Hello,
Basically, what I'm trying to do is to plot the linkage disequilibrium (LD) in a certain genomic region in a similar way as this website does: https://analysistools.nci.nih.gov/LDlink/?tab=ldmatrix. The problem is that the figure from this website has a low quality and I need the figure for publication purposes. All the sample files I have used are at the end of the post so that you can reproduce my code.

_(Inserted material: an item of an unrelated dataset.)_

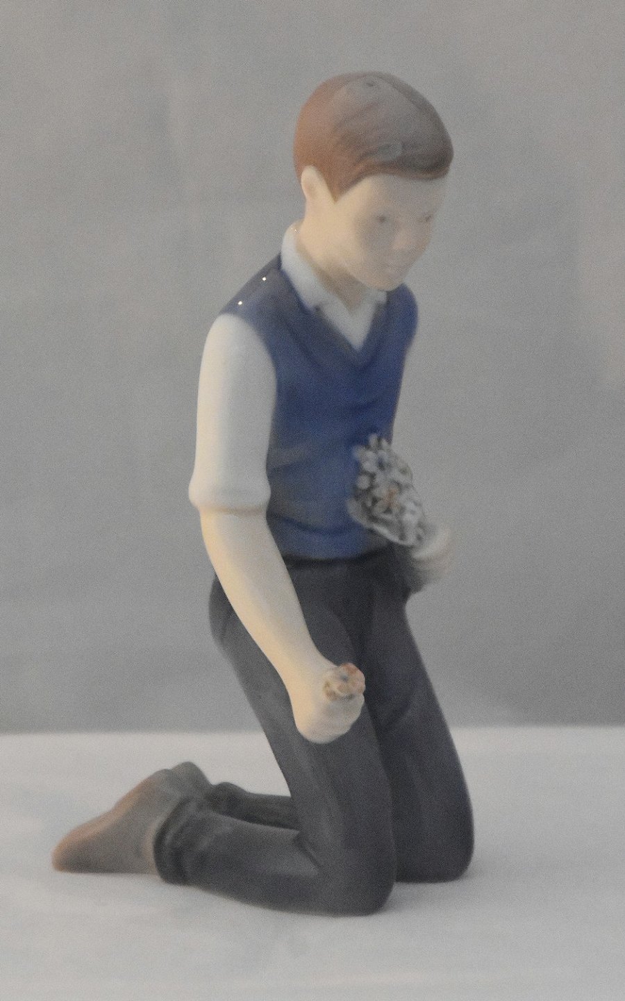 Bing & Grøndahl figur Dreng på knæ, der plukker blomster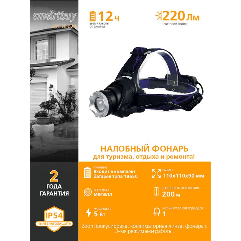 Smartbuy SBF-HL024 - мощный налобный светодиодный фонарь, который обеспечивает яркое и стабильное освещение. Он оснащен светодиодом 5 Вт, что гарантирует отличную видимость даже в условиях низкой освещенности. Фонарь имеет 3 режима работы: яркий, средний и стробоскоп. Это позволяет выбрать наиболее подходящий режим в зависимости от ситуации. Дальность освещения составляет до 200 метров, что делает его отличным выбором для использования на открытом воздухе.

This is what I have done so far:
library(ggplot2) library(reshape) library(scales) library(ggbio) library(GenomicRanges) library(Homo.sapiens) library(rtracklayer) library(GenomicRanges) library(BSgenome.Hsapiens.UCSC.hg19) library(VariantAnnotation) source("bed2granges.R") data(hg19IdeogramCyto, package = "biovizBase") data(hg19Ideogram, package = "biovizBase") data(genesymbol, package = "biovizBase") hg19 <- keepSeqlevels(hg19IdeogramCyto, paste0("chr", c(1:22, "X", "Y")))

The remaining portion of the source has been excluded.